Sophomore year of high school is where our intrepid young hero begins (read in the voice of Brennan Lee Mulligan: DM to the stars). As anyone in a fiery hellscape would do, I explored a program that gave me a glimpse of freedom: Running Start. In this wonderful program, high school students can attend college classes either online or in person, and not only earn college credit, but can be at the high school less. Great! At first, I thought it would be amazing! I love to learn, and I love not being at the highschool. Suffice it to say, I rolled really low on my perception. But my perception got steadily higher the farther I got in the process of applying. I felt like it might be too much. That I might not be able to handle this. But everyone in my life told me, “you’ll be fine! You’re a smart girl! And your so independent!” So I continued on… feeling like something was off.
Cut to a month before Junior year starts. I feel…. Nothing. I’m bored all the time, and nothing really makes me happy. I’m so scared im going to fail college and it hasnt even started yet… To my family, I am the same. After all, I am used to faking emotions thanks to all those years of thinking panic attacks were SUPER normal right! But I began to explore what was happening. Our hero rolls her dice: 18. I realized something that made me break down in tears of shame. I realized I didnt feel love for my family. I knew I loved them, but I didnt feel anything.What was wrong with me? I tried to imagine horrible fates befalling my family to see if I could muster up some feelings then. No dice. (get it? Dice? RPG’s? Shut up this is comedy GOLD) My sister found me sobbing in the garage. Grabbing my mother, they went to see what was wrong with me. I explained how I was feeling, and even voiced my fear of being depressed. My mom wrote it off as burnout. Which to be fair, I don't blame her for. I had been acting just as I always had.

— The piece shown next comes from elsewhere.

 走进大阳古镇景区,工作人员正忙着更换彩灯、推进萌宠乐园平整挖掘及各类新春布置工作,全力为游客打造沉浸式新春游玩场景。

Skip ahead some more. High school is in full swing, and my college classes begin. Things feel...okay. I was taking 2 classes: General Psychology, and Introduction to Art. Psych was tough, and its reading was intense. 1 page took about 10 minutes, so 6 pages: one hour. The professor thought that because we were online, we needed to make up for being lazy and not going to a classroom. We had around…. 120 pages on a good week. Wanna do the math there? Let me break it down for you: 10 pages=1 hour, 120 pages divided by 6= hours. About. Add to that the 5 hour assignments every week, 1 hour discussion forums, and hour long tests every week. Our total for this class hours per week: 27. Now, remember, I was also taking highschool classes too, and one other class. Also remember that I was 16. With an undiagnosed anxiety disorder. All it took was a month to break me, and send me hurtling towards depression with all the force and speed of a bowling ball dropped from the top of the Empire State building.

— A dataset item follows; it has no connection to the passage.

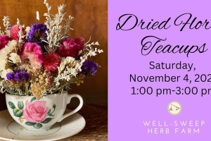Bring two cute teacups from home or from thrifting for a fun afternoon of decorating them with dainty dried flowers. Enjoy a cup of herbal tea and some herbal refreshments while Louise teaches the art of miniature dried flower arrangements.
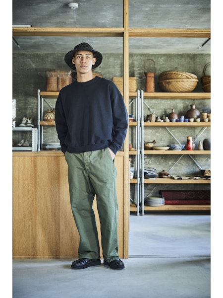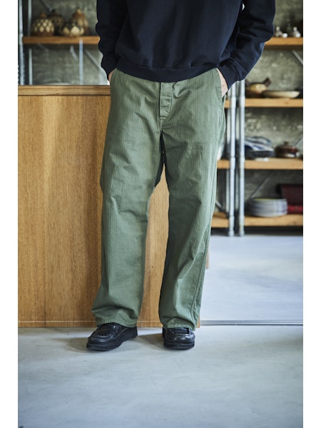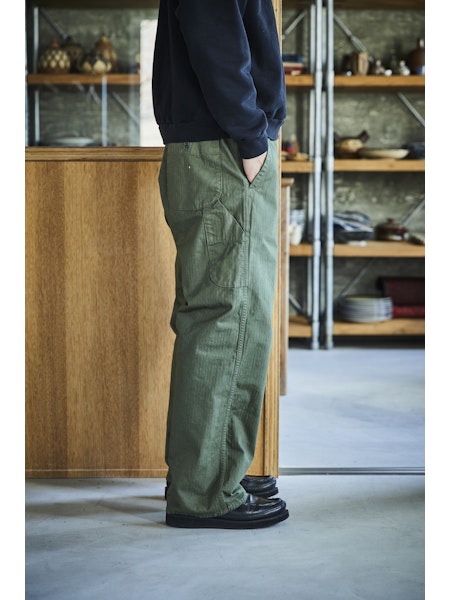 A wide-fit version of our classic FRENCH WORK PANTS. We used a slightly heavier herringbone twill fabric compared to the traditional French work pants.

Thanks to my natural ability to repress my emotions and fears, my body decided to send a clear message that something was afoot! I began to get full body HIVES. We went to the doctor, and she basically went, “umm wow, that's definitely an immune system reaction…. But you aren't sick…. And you haven't been sick…. So I don't know why this is happening…” Always what you want to hear from a healthcare professional! So at this point you might ask: did any of this alert you to the fact something was off? No. At this point, I was in complete denial that anything was wrong. Surely getting up in the middle of the night to count pages and double, triple, quadruple check that I had planned every single second of my week was written on my planners pages. What did catch my attention, terrorizes me to this day.
I am religious, and I do my best to pray every night. During this delightful stage of my life, I began to ask God to let me die. I asked that when I went to bed, that I wouldnt wake up. That it would all just stop. That way, I wouldnt keep on down this path, suffering. I thought if I quit, everyone would be disappointed in me. What a waste. How pathetic, right? Of course, this was myself talking. But I wanted to die. I didnt even care if I went to heaven. I thought even if I ceased to exist, it would bring peace. Inkey, dark, peace filled sleep.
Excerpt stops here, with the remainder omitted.